Leaving pictures out, repeat word for word the line that has "NGHỊ QUYẾT ĐẠI" and each line that follows it to the end of the listing.

▶ [Data provided]:

________________________________________

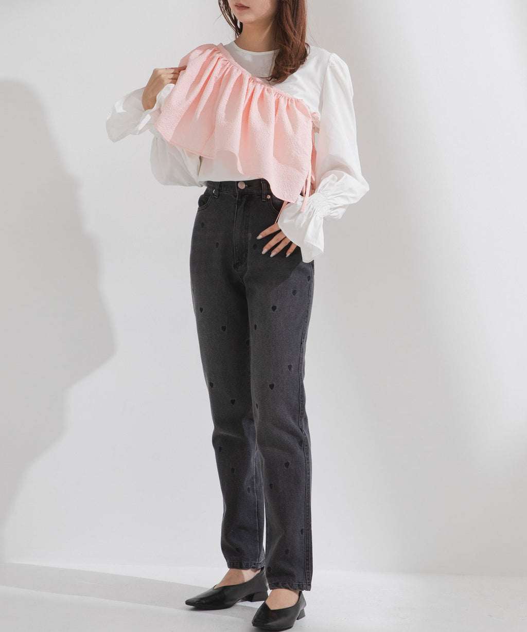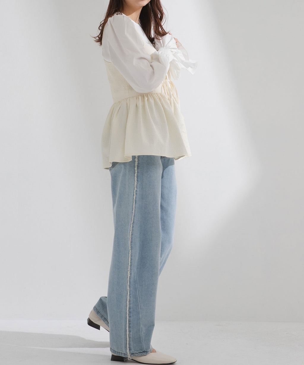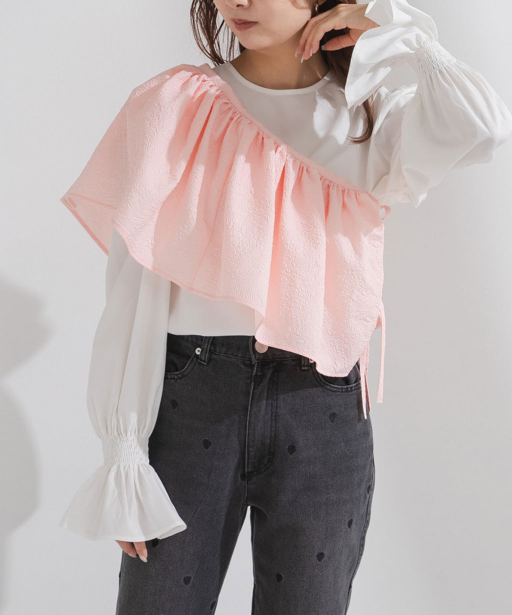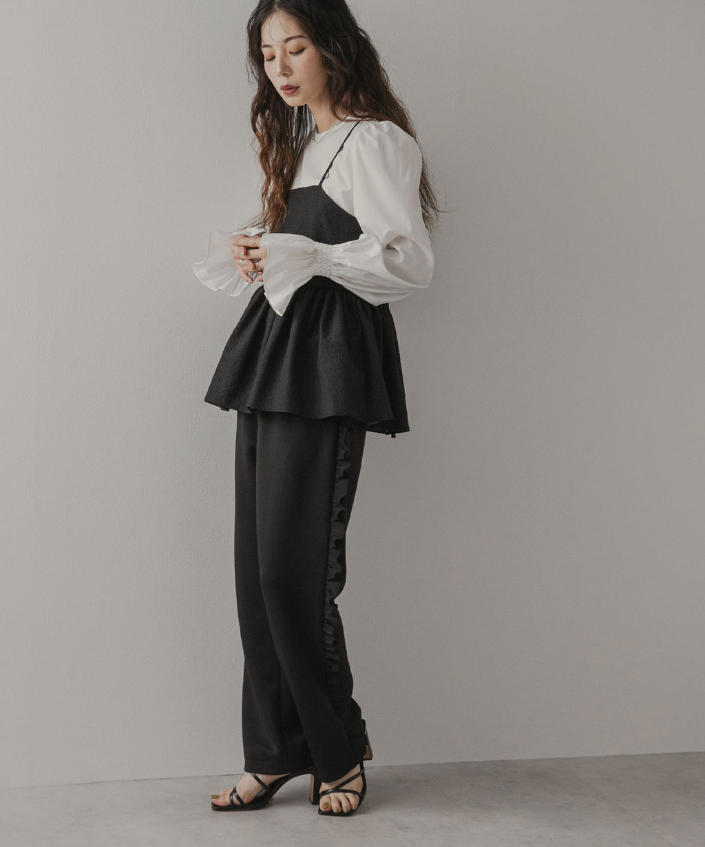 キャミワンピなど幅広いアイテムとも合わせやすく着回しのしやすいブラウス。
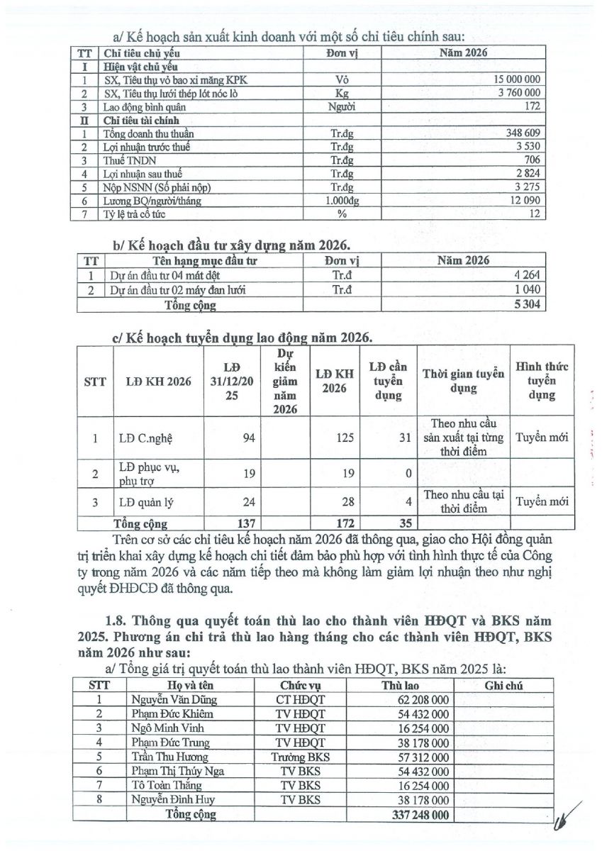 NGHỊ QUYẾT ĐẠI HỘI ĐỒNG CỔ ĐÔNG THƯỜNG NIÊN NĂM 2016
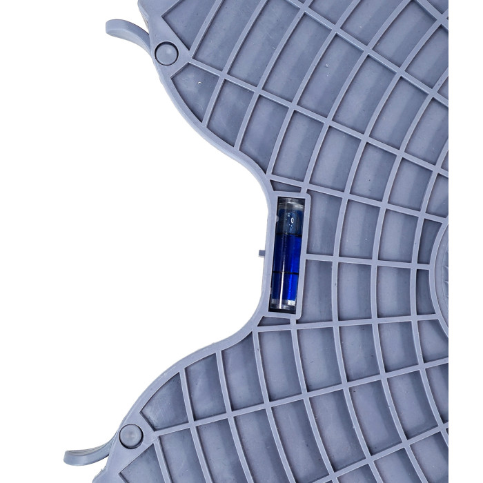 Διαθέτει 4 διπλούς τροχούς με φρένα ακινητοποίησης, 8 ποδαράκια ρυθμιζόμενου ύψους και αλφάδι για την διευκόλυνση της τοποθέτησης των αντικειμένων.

________________________________________

▶ [Exercise answer]:
 NGHỊ QUYẾT ĐẠI HỘI ĐỒNG CỔ ĐÔNG THƯỜNG NIÊN NĂM 2016
 Διαθέτει 4 διπλούς τροχούς με φρένα ακινητοποίησης, 8 ποδαράκια ρυθμιζόμενου ύψους και αλφάδι για την διευκόλυνση της τοποθέτησης των αντικειμένων.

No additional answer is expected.